Rubn where at is.this
Tue Feb 26 01:33:50 UTC 2019


On Monday, 25 February 2019 at 22:55:18 UTC, H. S. Teoh wrote:
> On Mon, Feb 25, 2019 at 10:14:18PM +0000, Rubn via 
> Digitalmars-d wrote:
>> On Monday, 25 February 2019 at 19:28:54 UTC, H. S. Teoh wrote:
> [...]
>> > <off-topic rant>
>> > This is a perfect example of what has gone completely wrong 
>> > in the world
>> > of build systems. Too many assumptions and poor designs over 
>> > an
>> > extremely simple and straightforward dependency graph walk 
>> > algorithm,
>> > that turn something that ought to be trivial to implement 
>> > into a
>> > gargantuan task that requires a dedicated job title like 
>> > "build
>> > engineer".  It's completely insane, yet people accept it as 
>> > a fact of
>> > life. It boggles the mind.
>> > </off-topic rant>
> [...]
>> I don't think it is as simple as you make it seem. Especially 
>> when you need to start adding components that need to be build 
>> that isn't source code.
>
> It's very simple. The build description is essentially a DAG 
> whose nodes represent files (well, any product, really, but 
> let's say files for a concrete example), and whose edges 
> represent commands that transform input files into output 
> files. All the build system has to do is to do a topological 
> walk of this DAG, and execute the commands associated with each 
> edge to derive the output from the input.
>
> This is all that's needed. The rest are all fluff.
>
> The basic problem with today's build systems is that they 
> impose arbitrary assumptions on top of this simple DAG. For 
> example, all input nodes are arbitrarily restricted to source 
> code files, or in some bad cases, source code of some specific 
> language or set of languages.
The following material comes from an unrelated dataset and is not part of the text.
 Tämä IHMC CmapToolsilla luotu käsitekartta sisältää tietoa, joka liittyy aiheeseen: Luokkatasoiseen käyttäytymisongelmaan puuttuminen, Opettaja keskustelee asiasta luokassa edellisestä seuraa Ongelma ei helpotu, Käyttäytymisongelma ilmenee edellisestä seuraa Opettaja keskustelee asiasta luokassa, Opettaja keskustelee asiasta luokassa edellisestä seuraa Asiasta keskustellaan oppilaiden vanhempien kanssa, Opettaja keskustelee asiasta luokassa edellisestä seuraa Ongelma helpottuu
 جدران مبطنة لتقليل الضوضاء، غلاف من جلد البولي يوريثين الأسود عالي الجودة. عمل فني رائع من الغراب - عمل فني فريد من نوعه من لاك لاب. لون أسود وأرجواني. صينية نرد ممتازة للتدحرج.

Then they arbitrarily limit edges 
> to be only compiler invocations and/or linker invocations.  So 
> the result is that if you have an input file that isn't source 
> code, or if the output file requires invoking something other 
> than a compiler/linker, then the build system doesn't support 
> it and you're left out in the cold.
>
> Worse yet, many "modern" build systems assume a fixed depth of 
> paths in the graph, i.e., you can only compile source files 
> into binaries, you cannot compile a subset of source files into 
> an auxiliary utility that in turn generates new source files 
> that are then compiled into an executable.  So automatic code 
> generation is ruled out, preprocessing is ruled out, etc., 
> unless you shoehorn all of that into the compiler invocation, 
> which is a ridiculous idea.

What build systems are you talking about here? I mean I can 
search for programs that do certain things and I'll most 
definitely find more subpar ones than any spectacular ones. 
Especially if they are free. So we are on the same page on which 
build systems you are referring to.

> None of these restrictions are necessary, and they only 
> needlessly limit what you can do with your build system.
>
> I understand that these assumptions are primarily to simplify 
> the build description, e.g., by inferring dependencies so that 
> you don't have to specify edges and nodes yourself (which is 
> obviously impractical for large projects).  But these 
> additional niceties ought to be implemented as a SEPARATE layer 
> on top of the topological walk, and the user should not be 
> arbitrarily prevented from directly accessing the DAG 
> description.  The way so many build systems are designed is 
> that either you have to do everything manually, like makefiles, 
> which everybody hates, or the hood is welded shut and you can 
> only do what the authors decide that you should be able to do 
> and nothing else.
>
>
> [...]
>> It's easy to say build-systems are overly complicated until 
>> you actually work on a big project.
>
> You seem to think that I'm talking out of an ivory tower.  I 
> assure you I know what I'm talking about.  I have written 
> actual build systems that do things like this:
>
> - Compile a subset of source files into a utility;
>
> - Run said utility to transform certain input data files into 
> source
>   code;
>
> - Compile the generated source code into executables;
>
> - Run said executables on other data files to transform the 
> data into
>   PovRay scene files;
>
> - Run PovRay to produce images;
>
> - Run post-processing utilities on said images to crop / 
> reborder them;
>
> - Run another utility to convert these images into animations;
>
> - Install these animations into a target directory.
>
> - Compile another set of source files into a different utility;
>
> - Run said utility on input files to transform them to PHP 
> input files;
>
> - Run php-cli to generate HTML from said input files;
>
> - Install said HTML files into a target directory.
>
> - Run a network utility to retrieve the history of a specific 
> log file
>   and pipe it through a filter to extract a list of dates.
>
> - Run a utility to transform said dates into a gnuplot input 
> file for
>   generating a graph;
>
> - Run gnuplot to create the graph;
>
> - Run postprocessing image utilities to touch up the image;
>
> - Install the result into the target directory.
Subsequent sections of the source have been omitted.